The biggest piece of advice I would give pregnant/new mums.
If you dont want advice then scroll past and ignore, but this is something I’d love to say to all my friends and family but you unfortunately can’t because it will be taken the wrong way.
Don’t mammy your partner/husband/wife. Pregnancy is the last chance you have to stop if you dont want to become an overtired, burned out mum. I see it time and time again with friends and family and I wish I could do something to stop it. Then I see all those TikToks and instagram reels with the Labour - The Cacophony about how mothers dont have a choice like fathers do. We do, its about your partner being a partner.
But lets get into what I mean. Pregnancy is very hard for some women, its a breeze for others but newborn stage is definitely really really tough for everyone. You’re learning how to be a mum, what your baby is trying to communicate, they are up every 30mins-3hrs for night feeds, same during the day so you’re exhausted and you just pushed a human out of your vagina or had your stomach sliced open and are expected to do everything like nothing ever happened, lets not forget struggles of breastfeeding and sore nipples if thats what you chose to do to feed your baby.
Add another person to take care of on top of that and you’ll drown. If you’ve been the main meal maker up until now - its time to teach them some quick meals. Even if its boiling some pasta and adding sauce to it, sometimes thats all you’ll need. If they dont know how to do laundry - again, teach them. I didnt do any laundry for the first 3 weeks after my emergency c section because I just couldnt bend down low enough to do it and last thing you want to do after sleepless nights is standing over someone and telling them how to do basic household chores. Same goes for hoovering, dusting, changing sheets, cleaning the shower and toilet, basic things you might need someone else to do for you and the baby in the first couple of weeks.
But most importantly, he needs to learn the baby too. I dont know what its like in other countries but here dads are allowed in the hospital from 8am till 9pm and then they need to leave. My husband was at the door at 7.30am waiting to be let in and he has not left once at 9pm, he was always thrown out by one of the midwives because he wanted to be there with our baby. Now that we’re having another one it will be definitely different as he’ll have to be there for him too but if its your first baby, if you’re the one spending all this time with the baby alone in the hospital you will learn how to take care of them, you’ll learn their cues etc. If your partner is there for couple of hours a day, how could they? So when you get home and its time to take care of the baby, and they’re crying and your partner can’t soother them I can assure you it will lead to two scenarios:
- they will say I dont know what to do take them
- You will take the baby away after a while because you’ll get frustrated at the crying.

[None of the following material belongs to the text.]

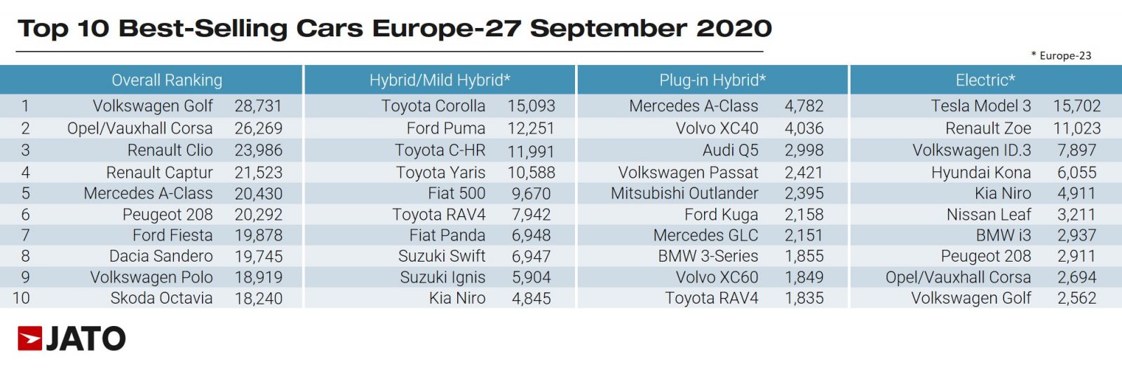 Aceste modele „hibride” au acaparat aproape 50% din totalul celor electrificate. 25% au fost plug-in hibrid (PHEV) și 25% au fost pur-electrice, adică BEV.

And the endless cycle will beging of ‚she/he wants mammy’, ‚ I dont know how to do it’, ‚she/he wants the boob’.
And if your partner is going back to work quickly, try to find things that they’ll always do. Ie. Bath time is my husbands job when hes home. Its a lovely time they have when they bond and play together and laugh and then we both put him to bed. Try to relax in that time. If you have to clean, do a quick 15min clean.
And if theres people saying ‚oh but he needs to rest after work, he can’t provide and take care of the house and child’. Yes you’re right but sometimes he will need to pick up the slack because thats how partners work. Is it 50/50 that my body changes, I feel extremely sick and awful while pregnant, I go through a major surgery that I cant fully recover from because I’m always sleep deprived and need to stay active to take care of this child, also take care of the house while he goes to work?

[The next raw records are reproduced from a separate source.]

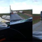 Acidente envolvendo três carretas deixa dois motoristas mortos e trânsito lento na rodovia BR-163
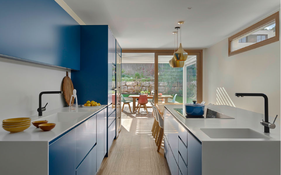 On the opposite side we find the large kitchen in blue tones that communicates seamlessly with the access space and the living-room area along the large glass façade that blurs the boundaries between indoor and outdoor space. On this same level we also find a service area and a large pantry located in the adjacent space to the kitchen.
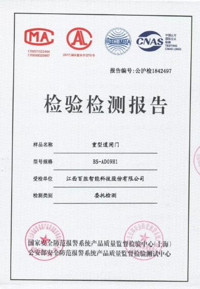 在公安三所的權(quán)威檢驗(yàn)下,百勝重型道閘門符合“GA/T 1132-2014《車輛出入口電動(dòng)欄桿機(jī)技術(shù)要求》及Q/BSZN 017-2018《重型道閘門企業(yè)標(biāo)準(zhǔn)》”要求。
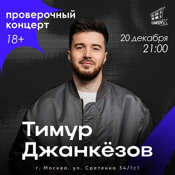 20.12||Тимур Джанкёзов. Проверочный концерт 🔥 Резидент StandUp на ТНТ, автор и основатель шоу « Миллионер из трущоб», «Попробуй рассмешить», «Импровизация с залом» на YouTube и ВК Видео Приходи если хочешь с кайфом провести время, тебя будут ждать шутки и приятная атмосфера нашего клуба ⚡️Билеты

Not really, if I could I would 100% pick work over pregnancy and taking care of the house again but unforunately they haven’t figured out a way to make men pregnant yet 😂
You are also tired. If you can’t ask husband to do full nights because his work is too risky to do sleep deprived (like mine), have him get up couple of hours earlier and take the baby. My 10 month old has not slept through the night yet and I’m in my first trimester of my second pregnancy and I am EXHAUSTED. My husband always takes him 2-3 hours before work, takes care of him while he gets ready and then wakes me up 2 mins before he heads out the door. And I’m not saying here that he doesn’t get any rest. I often take our baby and head out for the day with him while my husband has a day off just so he can relax. Its about finding balance. And thats the biggest piece of advice. Make sure you find that balance and the load of motherhood and household is not all on you, because in this day and age most of us will have to go back to point sooner or later and what will happen is you will be the one worrying about your children, house and also pay the bills.